● Work instructions: When you return the lines below, go from the first through the line with "学校給食残渣由来発酵乾燥物を", keep them exact, and leave out every picture.

------------------------------------

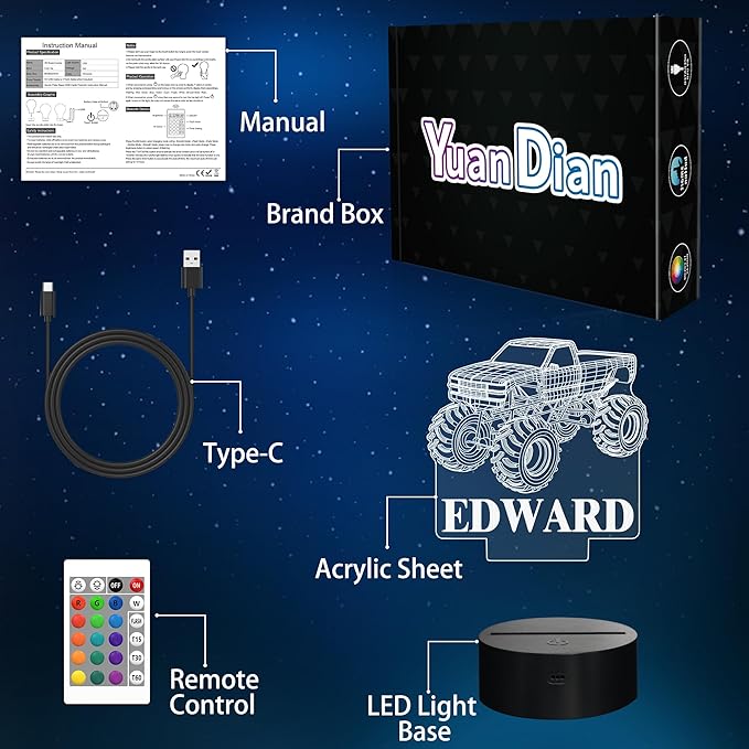 - Creative 3D Visual Effect: This is an 3D illusion lamps can show up the monster truck when it light up, with an optical acrylic flat board with engraving can give you amazing 3D visual effect.3D is just visual, the light itself is flat.It's bound to amaze and impress your kids and guests. It is a unique birthday, Christmas or Easter gifts for kid or friends, monster truck decorations for home.
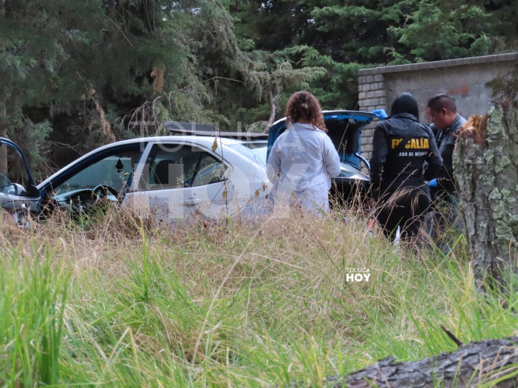 ZINACANTEPEC, Edomex.,6 de febrero de 2026.-Al interior de la cajuela de un taxi, abandonado sobre un camino de terracería de una zona boscosa, un hombre fue hallado con golpes y estrangulado en la comunidad de La Huerta, la víctima no pudo ser identificada.
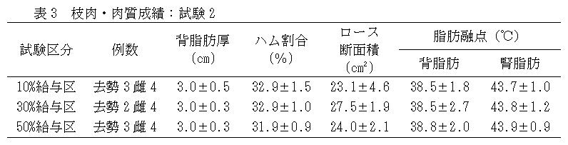 学校給食残渣由来発酵乾燥物を養豚用飼料として利用する場合、肥育前期に30%混合飼料、肥育後期に10%混合飼料として給与することが可能である。 |
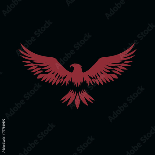 © Dyrendwi, Fototapeta premium Majestic red eagle silhouette flying with wings spread against a dark background, symbolizing power, strength, and freedom. Graphic design element.
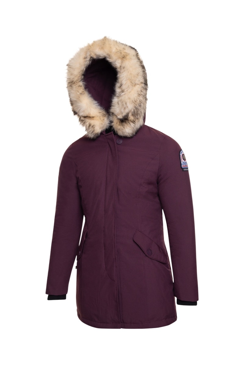 Capuche fixe fourrée et bordée de fourrure synthétique amovible.
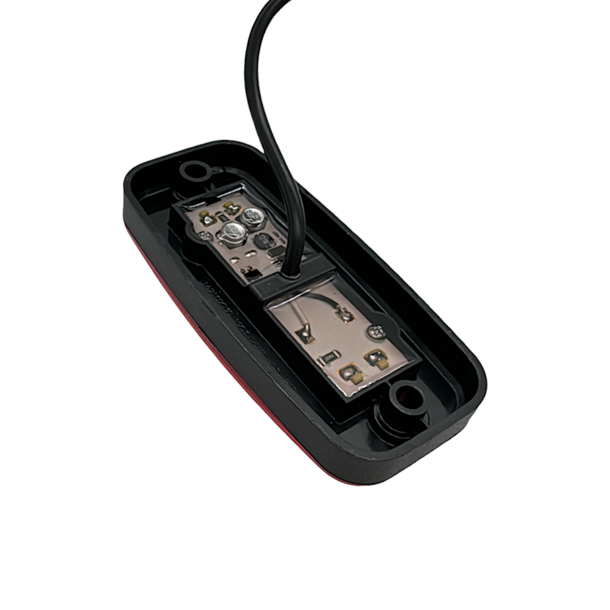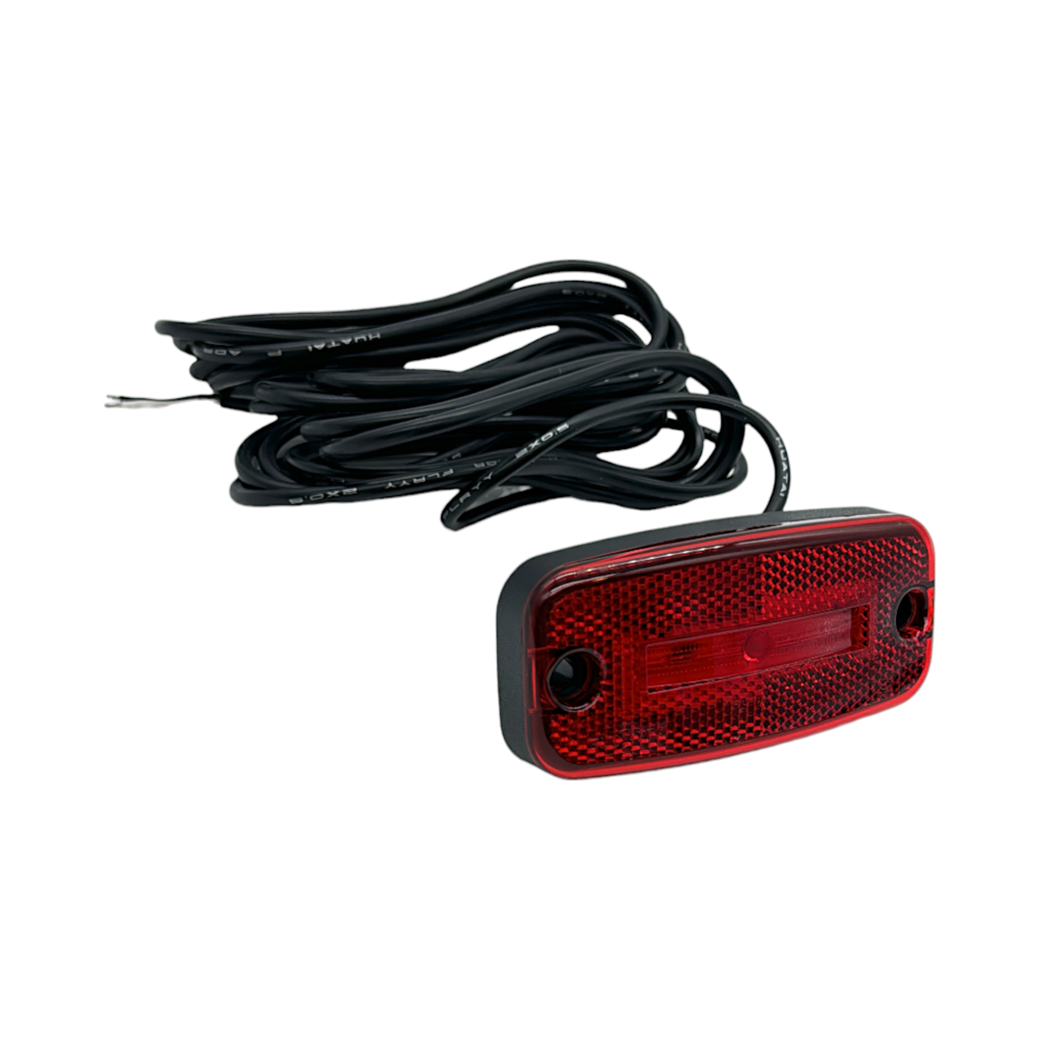 E-godkänd röd fiberoptisk positionsljuslampa med reflex inbyggt. Helt vattentät tack vare ultraljudssvetsningen vid kabelns ingång på baksidan. Levereras med 5meter kabel.
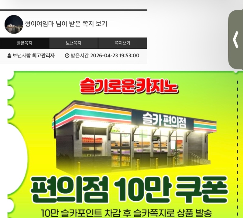 양아부지 편쿱 감사합니다 형이여임마 1 0 0 20:00:01 *기프티콘 바코드 노출 주의* <- ㅇㅇㅇㅇㅇㅇㅇㅇㅇㅇㅇㅇㅇㅇㅇㅇㅇㅇㅇㅇㅇㅇㅇㅇㅇㅇㅇㅇㅇㅇㅇㅇㅇ 0 0 https://seulca1.com/bbs/board.php?bo_table=free&wr_id=3827045&page=1 Author 2 0 Lv.15 형이여임마 15 31,642,035 (8%) 형이여임마님 보유 포인트 : P 3,001,454 +1 04.23 양아부지 편쿱 감사합니다 +1 04.23 [비밀글] 편의점쿠폰 교환 +2 04.23 맛저하세용~~ +3 04.23 맛점하세요~ +27 04.23 시카라 마지막 8:4 패배 ㅜㅜ
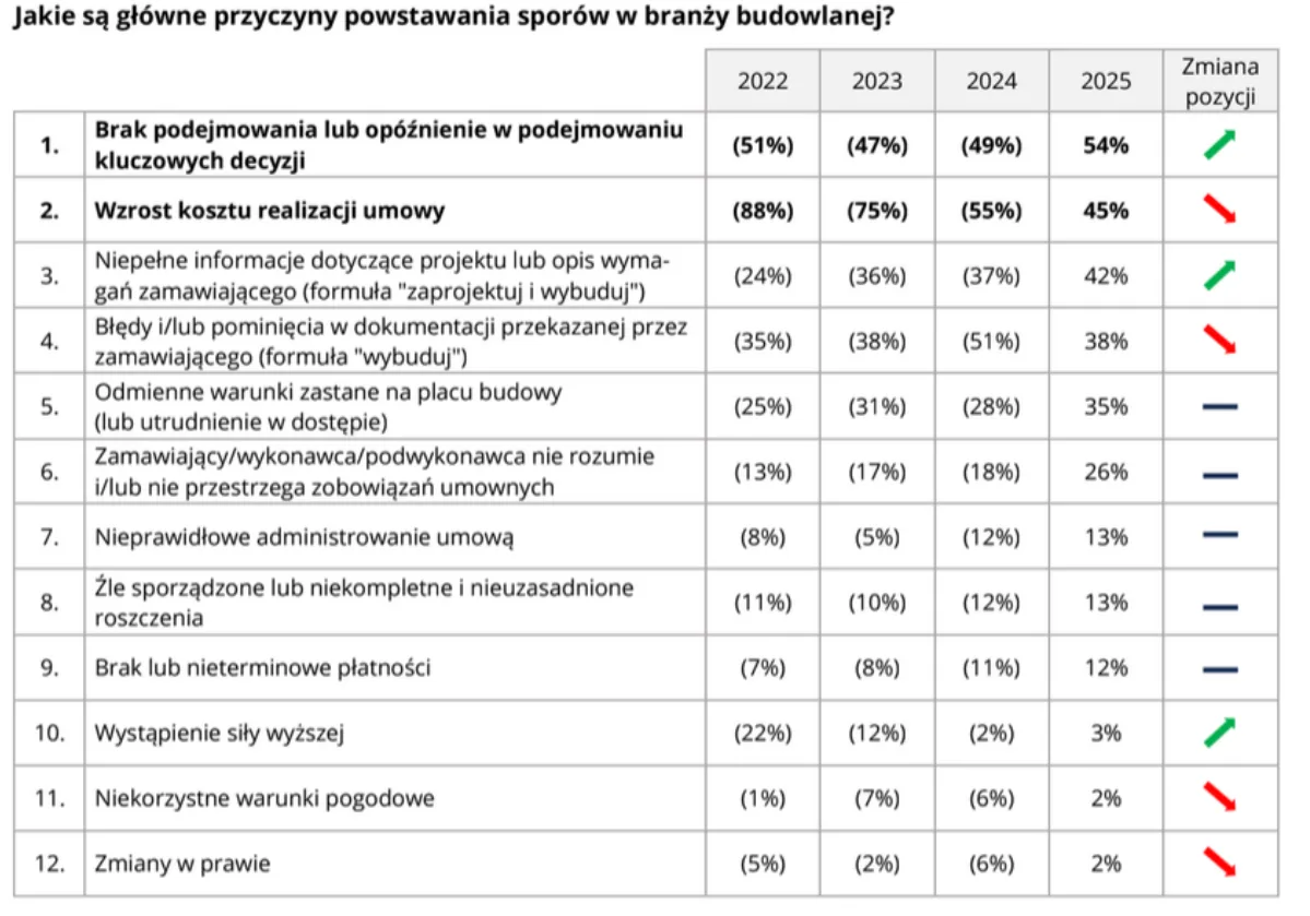 Wyniki raportu CAS wskazują, że najistotniejszym czynnikiem generującym spory, będącym silnie powiązanym z powstawaniem opóźnień, jest brak podejmowania lub opóźnienie w podejmowaniu kluczowych decyzji (54%). Oznacza to, że ponad połowa Ankietowanych wskazuje na niewydolność procesu decyzyjnego, która bezpośrednio przekłada się na opóźnienia i zakłócenia w realizacji robót oraz harmonogramu.

------------------------------------

● Exercise result:
 - Creative 3D Visual Effect: This is an 3D illusion lamps can show up the monster truck when it light up, with an optical acrylic flat board with engraving can give you amazing 3D visual effect.3D is just visual, the light itself is flat.It's bound to amaze and impress your kids and guests. It is a unique birthday, Christmas or Easter gifts for kid or friends, monster truck decorations for home.
 ZINACANTEPEC, Edomex.,6 de febrero de 2026.-Al interior de la cajuela de un taxi, abandonado sobre un camino de terracería de una zona boscosa, un hombre fue hallado con golpes y estrangulado en la comunidad de La Huerta, la víctima no pudo ser identificada.
 学校給食残渣由来発酵乾燥物を養豚用飼料として利用する場合、肥育前期に30%混合飼料、肥育後期に10%混合飼料として給与することが可能である。 |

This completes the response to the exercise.